Why are the 6 Templeton funds being wound down?
On April 24, 2020, Franklin Templeton officially announced that it would wind down six of its debt funds as under:
|Name of Scheme||Fund Category||No. of Segregated Portfolios|
|Franklin India Low Duration Fund||Debt||2|
|Franklin India Ultra Short Bond Fund||Debt||1|
|Franklin India Short Term Income Plan||Debt||3|
|Franklin India Credit Risk Fund||Debt||3|
|Franklin India Dynamic Accrual Fund||Debt||3|
|Franklin India Income Opportunities Fund||Debt||2|
The AMC has cited COVID-19 as the main reason arguing that the pandemic had led to liquidity virtually vanishing from the corporate bond markets. Hence, the fund just could not keep pace with redemption requests. This scenario is not hard to fathom. Most debt funds keep minimum liquidity to handle outflows. The problem arises when the redemption requests build up and the fund is forced to sell these bonds to generate liquidity. In the case of G-Secs, liquidity is never a problem. But all the above funds have a strong credit risk component to them. That means; a big chunk of these portfolios are invested in corporate / NBFC bonds which are either “AA” rated or even “A” rated. In such cases, if the fund forces liquidity then they may have to take a huge haircut, exposing investor to further losses. The winding up of these funds was taken up as the last option.
What it means for investors in these debt funds?
For investors who are having exposure to these 6 funds, they must reconcile to the fact that the funds are locked in for the time being. Here are some implications.
- Any fresh purchases or redemptions in any of these six funds will not be entertained by the fund effective from 24 April. However, all redemption requests up to 23 April will be honoured by the fund.
- Existing investors will be locked into the scheme. The fund will appoint an administrator to systematically sell the bonds either in the market or through private deals and any monies realized will be distributed proportionately.
- Since the fund has frozen all inflows and outflows, any systematic investment plan (SIP), systematic transfer plan (STP) or systematic withdrawal plan (SWP) mandates will not be valid any longer. Investors must intimate their banks accordingly.
- While the extent of haircut for investors is not clear, it is clear there will be a haircut in this case. One indication could be that the Templeton FOFs exposed to these 6 funds have taken a 50% write-off. That could be indicative of the haircut for investors.
- Lastly, the total AUM of these 6 funds is estimated at Rs.28,000 crore, which is nearly 25% of its total AUM in India. That raises questions over Templeton’s other funds and also credit risk funds at other AMCs.
Was it just about COVID-19 and the secondary market liquidity or is there a larger story to the redemption pressures? Check the chart on returns and redemptions of the 6 funds.

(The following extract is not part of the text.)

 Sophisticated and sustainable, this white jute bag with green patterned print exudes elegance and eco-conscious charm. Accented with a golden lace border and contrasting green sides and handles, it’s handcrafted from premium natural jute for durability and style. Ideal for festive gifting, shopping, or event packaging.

Redemptions at Franklin Templeton have been massive in March 2020 in these six funds
In all the six funds that are being wound up by Templeton, the AUM has seen a sharp fall in AUM in the month of March. Apparently, a similar trend was continuing in April too. We will get the AMFI data only in May but looking at the 1-year returns on these six debt funds, it would be hardly surprising if the redemption pressure has continued in April too.
Are there bigger implications for debt funds?

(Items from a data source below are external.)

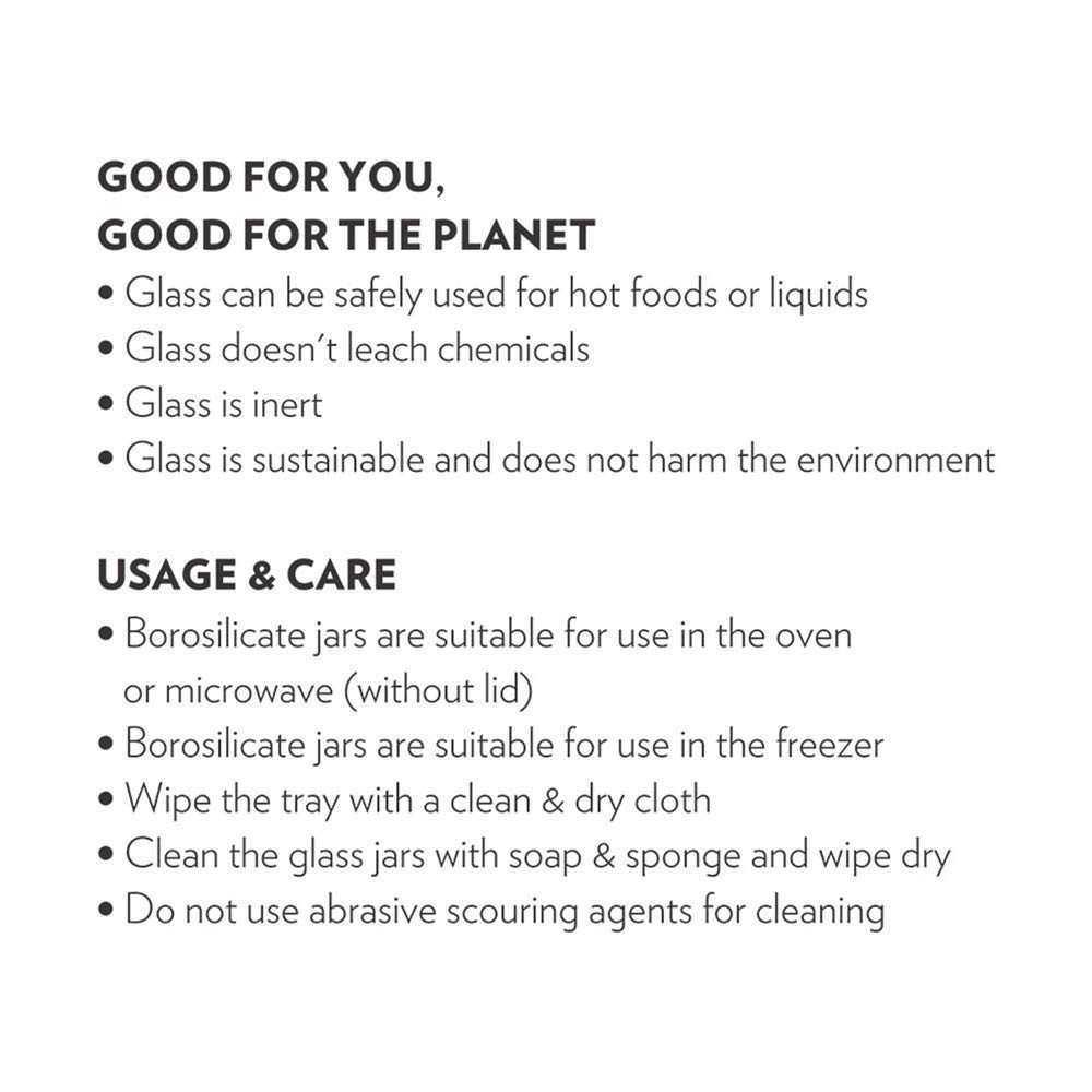 - Unlike plastic or ordinary glass, will not leach chemicals into your food even after repeated usage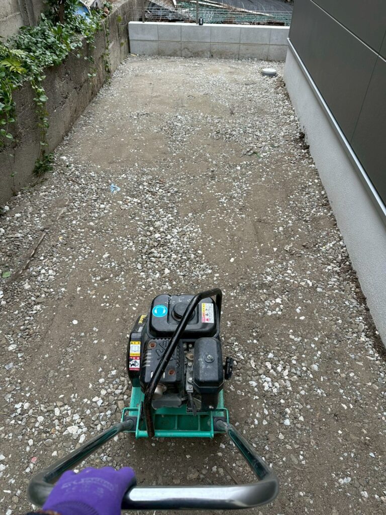 その後、プレートでしっかり転圧をかけ、地盤を締め固めていきます。
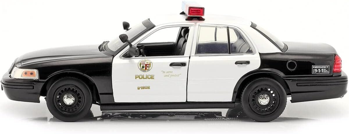 Modelo en Miniatura 1/18 Crown Victoria Police Interceptor 2001 Negro y Blanco del Departamento de Policía de Los Ángeles (LAPD) en la Película de 2011, Greenlight 13610

We really need to wait to find out, but one thing is clear. This is not like a few bad investments that can be written off and forgotten about. This time the crisis in debt funds actually looks to be different. A combination of illiquidity, redemption pressure and poor returns can be lethal for debt funds. More so; when investors are habituated to believing that debt funds are risk free and debt fund managers are infallible!